Autre détail. Ca ne concerne pas les personnes qui n'ont qu'un iphone car sur iphone dans la catégorie artiste on ne voit pas de pochette en page 1.
Par contre sur ipad, vous avez peut-être remarqué que même après avoir mis à jour toutes les pochettes dans la catégorie album cela n'était pas mis à jour dans la catégorie artiste.
Enfin c'st plus compliqué que ça. En fait la pochette apparait une fois qu'on a appuyé sur un artiste (enfin ca apparait à l'intérieur de l'album) mais c 'est toujours blanc pour certaines pochettes quand on navigue parmi les artistes.
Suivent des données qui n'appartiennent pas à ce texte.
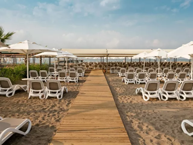 Súkromná piesočnatá pláž sa nachádza 750 m od hotela. Každých 30 minút premáva bezplatná kyvadlová doprava na pláž. K dispozícii sú slnečníky, ležadlá a plážové osušky zdarma. Na pláži sa nachádza aj bar, kde sa podávajú nápoje a občerstvenie.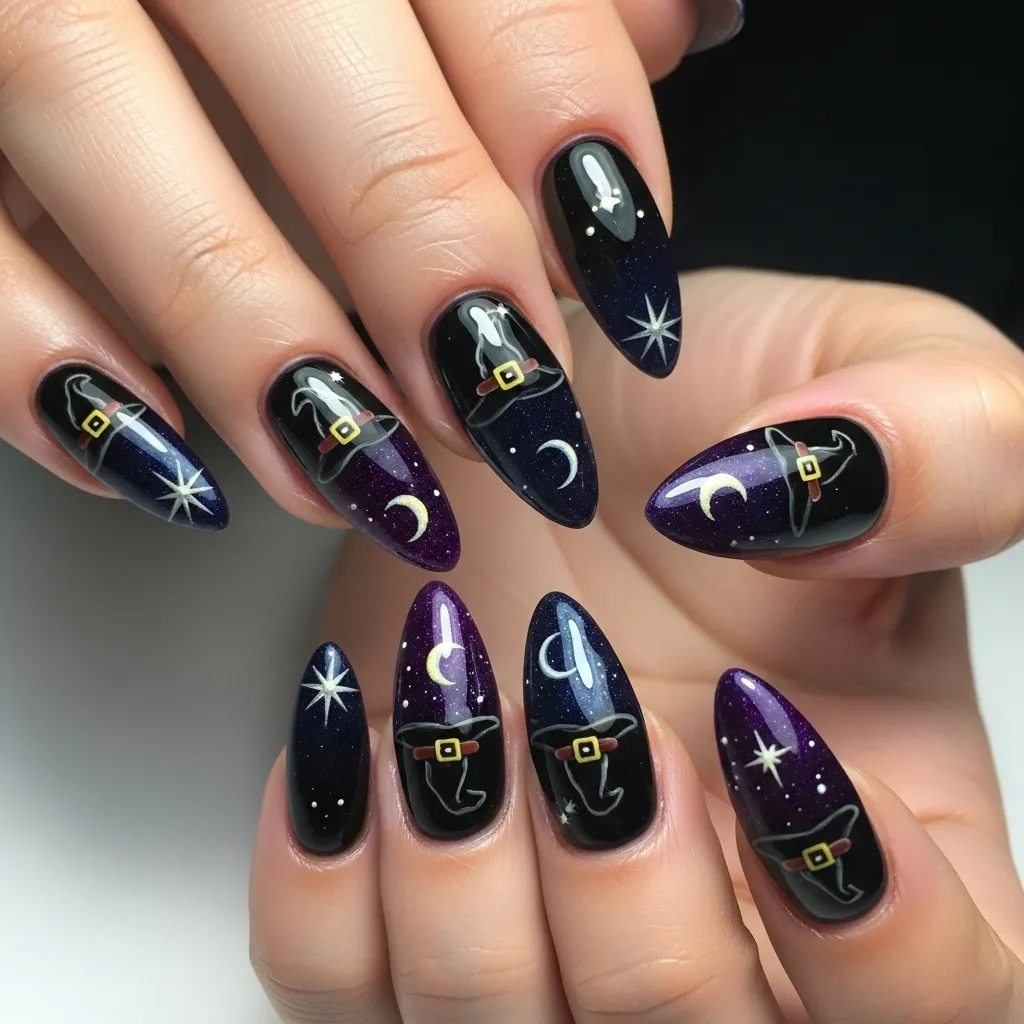 You can combine them with stars, moons, or broomstick details for added magic. Witch hat nails work beautifully on stiletto or coffin shapes where there’s enough space to showcase detail.
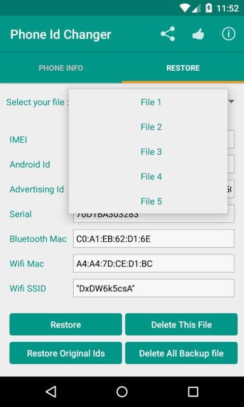 - Ubah nilai IMEI, Android Id, Serial Number, Wifi Mac Alamat dan service set identifier (SSID) dari jaringan wifi saat ini.

Donc là pour y remédier, il faut killer l'app musique, désactiver itunes match dans les préférences de l'ipad, allez à nouveau dans l'appli musique (la vous ne verrez plus que ce qui est en local, normal), killer l'app musique à nouveau, réactiver itunes match, puis réouvrir l'appli musique. La tout est réinitialisé donc ça va être un peu long mais ça marche si on laisse l'appli allumé tranquillement le temps qu'elle fasse son travail.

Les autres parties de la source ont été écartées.